■ Goal of the exercise
Among the entries below, find the line with "The last thing" and the line with "低 | MSAA 开启 |". Return exactly those lines and every line between them, but no pictures.

■ Information provided
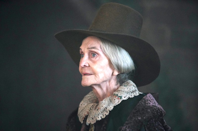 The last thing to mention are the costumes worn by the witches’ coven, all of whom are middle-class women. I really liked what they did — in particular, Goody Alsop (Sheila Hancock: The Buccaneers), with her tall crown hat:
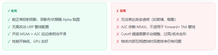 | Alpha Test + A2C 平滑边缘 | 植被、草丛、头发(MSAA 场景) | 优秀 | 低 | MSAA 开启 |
---
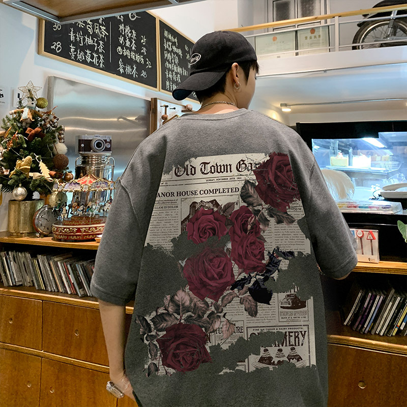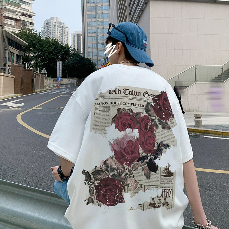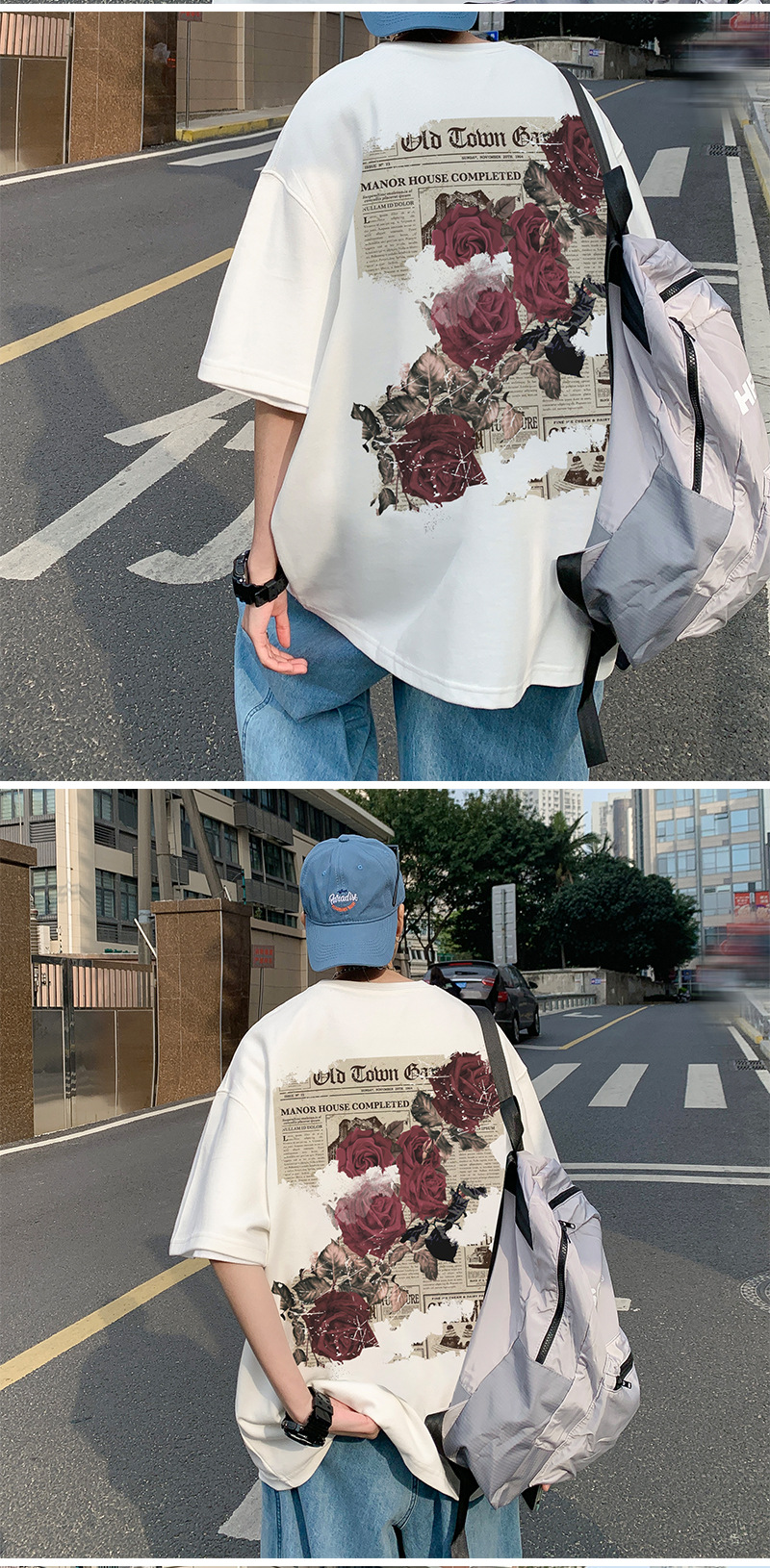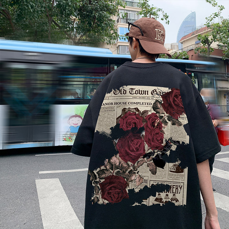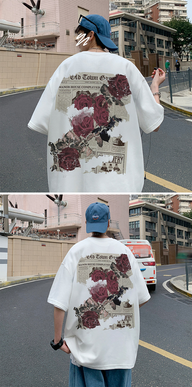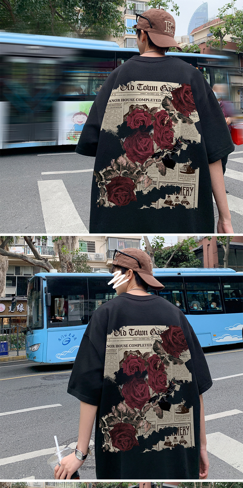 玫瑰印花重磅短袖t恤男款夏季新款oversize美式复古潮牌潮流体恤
...
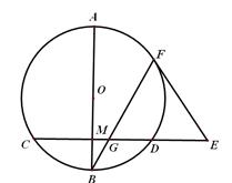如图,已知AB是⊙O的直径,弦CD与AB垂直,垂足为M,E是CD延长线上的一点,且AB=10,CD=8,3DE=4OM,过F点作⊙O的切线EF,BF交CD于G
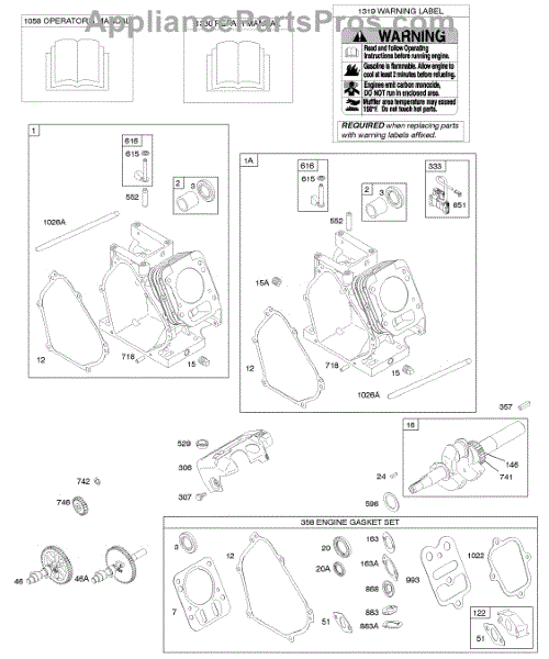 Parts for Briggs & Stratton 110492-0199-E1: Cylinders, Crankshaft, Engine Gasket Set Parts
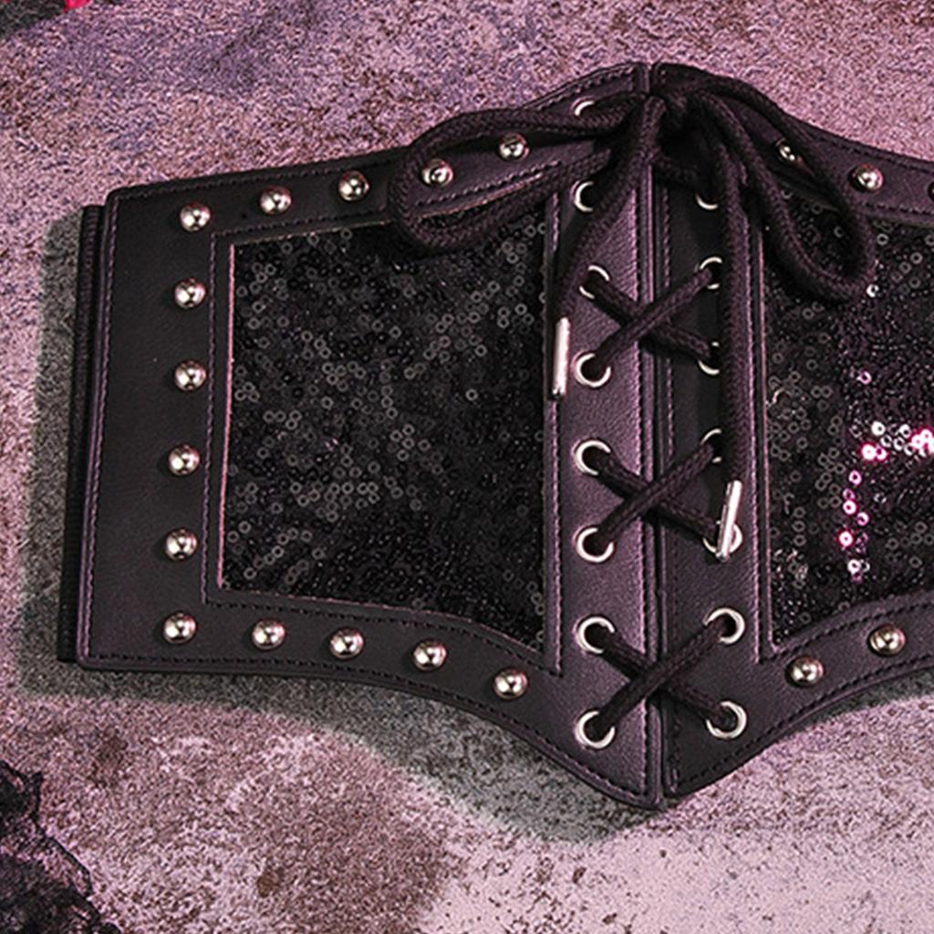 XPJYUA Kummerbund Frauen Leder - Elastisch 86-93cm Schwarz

■ Response to this exercise
 The last thing to mention are the costumes worn by the witches’ coven, all of whom are middle-class women. I really liked what they did — in particular, Goody Alsop (Sheila Hancock: The Buccaneers), with her tall crown hat:
 | Alpha Test + A2C 平滑边缘 | 植被、草丛、头发(MSAA 场景) | 优秀 | 低 | MSAA 开启 |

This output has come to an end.